Alaska Improvement Co. v. Hirsch

TEMPLE, J.

Action upon an injunction bond. Defendants appeal from the judgment and from an order denying a new trial.

An action was brought against plaintiff in the United States circuit court to enjoin it from using a certain trademark and label. October 23, 1890, a temporary restraining order was made, pending an order to show cause why an injunction pendente lite should not he issued. Both orders were served on that day. On the next day, counsel for the defendant in the injunction suit, plaintiff here, “moved the court for an order requiring complainant to give a bond, in the sum of ten thousand dollars conditioned for the payment to respondent of such damages as it may be awarded, by reason of the issuance of said temporary restraining order, if the court should finally determine that complain*250ant was not entitled thereto.” The order was made as requested.

The bond sued upon was given in pursuance of that order. It recited the issuance of the restraining order and the order requiring the bond, and that “in consideration of the premises and of the issuing of said restraining order” the sureties undertake in the penal sum of ten thousand dollars, and promise for complainant that he would pay all damages sustained by the defendant in that suit, by reason of the restraining order, if the court should finally determine that the complainant was not entitled to it. The court finally so held.

The defendants contend that the bond is absolutely void for want of consideration, and I think the contention must be sustained. The word “premises” in the bond refers, of course, to the recitals as to the bringing of the suit, the restraining order, and the order requiring the bond. The bond contains no recital to the effect that it was executed to obtain a continuance of the restraining order, and if it did such recital would amount to nothing unless it appeared in the order requiring the bond, or at least in some mode, that a bond was necessary to a continuance of such order. It does not appear that the restraining order was continued in force at all by reason of the bond, or that by giving it the plaintiff in the injunction suit gained any advantage whatever. The order requiring the bond did not make the continuance of the restraint conditional upon giving the bond, and in no way is it 'made to appear that the restraining order would have been dissolved if the bond were not given. The court could make the restraining order without a bond, and it was just as good for the plaintiff in that suit without a bond as witli one.

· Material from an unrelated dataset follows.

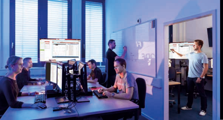
Teamwork takes the center stage: The trainees analyze and mitigate incidents together as a team.

It is said that the court could have dissolved the restraint if the bond had not been given, and since the judge required the giving of the bond, and thereby indicated his opinion that the defendant, who was enjoined, was entitled to one,' it is to be presumed that he would have so acted. There is no presumption in the matter, and if there were it would not change the fact that the bond when given was without consideration. The judge could have dissolved the injunction although a bond had been given, but in neither case can we suppose that the injunc*251tion would have been dissolved without a notice and a hearing, nor until the plaintiff in that suit had been afforded an opportunity to give the bond after the alternative had been presented to him—in short, after a bond had been lawfully demanded.

But if the question of a dissolution of the restraining order was left for the future consideration of the court, and it would not have been dissolved by a failure to give the bond, then the giving of it did not secure its continuance. In principle, therefore, the case is on all fours with Carter v. Mulrein, 82 Cal. 167, 16 Am. St. "Rep. 98, where the bond was given after the issuance of an injunction, but recited that it was given in consideration of its issuance. The decision is not made to turn, as suggested, upon a misrecital of the facts, but because the undertaking, having been given after the issuance of the writ, could not be considered as given in consideration of its issuance. It was therefore without consideration and void. In Lambert v. Haskell, 80 Cal. 611, the order expressly provided that the injunction should not continue unless the undertaking was given. The sureties contended that they could stand upon the letter of their contract, and as the bond did not recite such consideration, but, as they contended, a different and a void consideration, to wit, the previous issuance of the injunction, it was void. The court there, as distinctly as in Carter v. Mulrein, supra, recognized the fact that if the undertaking was given in consideration of the previous issuance of the writ it was void, but agreed that, under the circumstances, they were authorized to hold that the undertaking was given in consideration of the continuance of the injunction. In that case the order required the undertaking as a condition to the continuance of the restraint, and it was given in order to obtain such continuance. The recital of the consideration was not within the rule that a surety may stand upon the letter of his bond. The rule only has reference to the extent and measure of the liability of the surety. He cannot be held to have contracted to do more than he said he would do. Proof of a consideration for such a contract can be made as in other cases. Here, the giving of a bond was not made to affect the continuance of a restraint, therefore the continuance of the restraint could not have been a consideration for the bond, even though it had been so recited in the bond.

*252If these views are correct the other points made become immaterial.

The judgment and order are reversed.

Harrison, J., and Henshaw, J., concurred.